- The Washington Times - Monday, October 9, 2017

The Jones Act waiver for Puerto Rico will not be extended after it expired late Sunday night, according to Reuters.

The Department of Homeland Security made the decision last week after calls from American maritime carriers requested the agency allow the waiver to expire, the Maritime Executive, a business journal, reported.

A Homeland Security Department spokesman told the publication that the Department of Defense had not requested an extension and that no vessels had used the allowances granted by the waiver.

“We believe that extending the waiver is unnecessary to support the humanitarian relief efforts on the island. There is an ample supply of Jones Act-qualified vessels to ensure that cargo is able to reach Puerto Rico,” David Lapan, Homeland Security press secretary, said to the Maritime Executive.

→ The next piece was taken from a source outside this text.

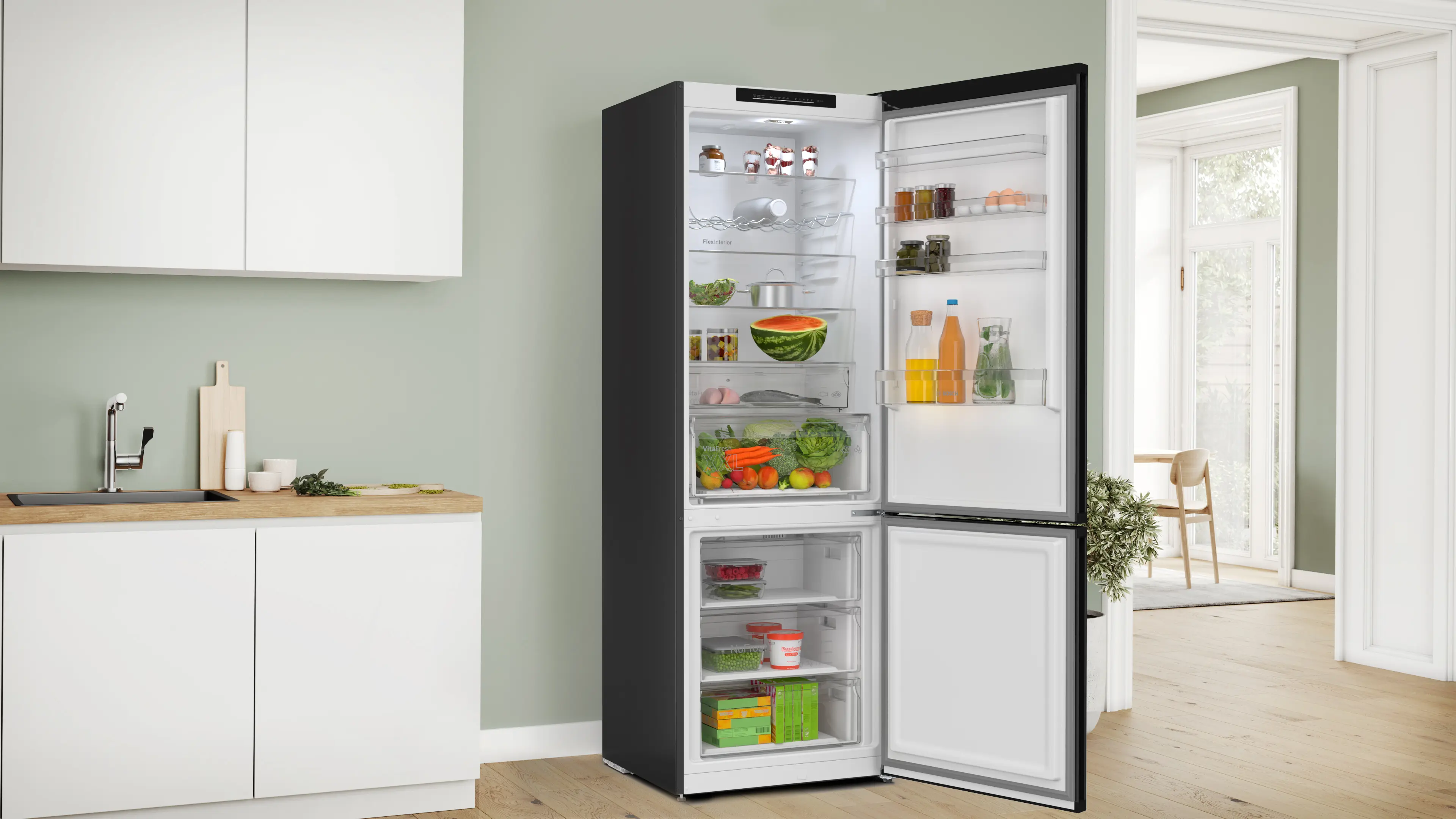 Serie 4 Volně stojící chladnička s mrazničkou dole 203 x 70 cm černá matná ocel s úpravou proti otiskům prstů, Total No FrostKGN492XCF

The waiver allowed non-U.S. flag ships — meaning ships that were not manned or built by U.S. citizens — to carry goods out of U.S. ports. The law was lifted on Sept. 28 after outcry from members of Congress who accused the Trump administration of being slow to act in recovery efforts in Puerto Rico, which was hit by a hurricane. They claimed the waiver would allow more supplies to get to the island faster.

Puerto Rico faces much damage after Hurricane Maria made landfall last month, leaving much of the island without power or other essential supplies.

The Jones Act was waived after Hurricane Harvey hit Texas and Hurricane Irma slammed into Florida in August and September.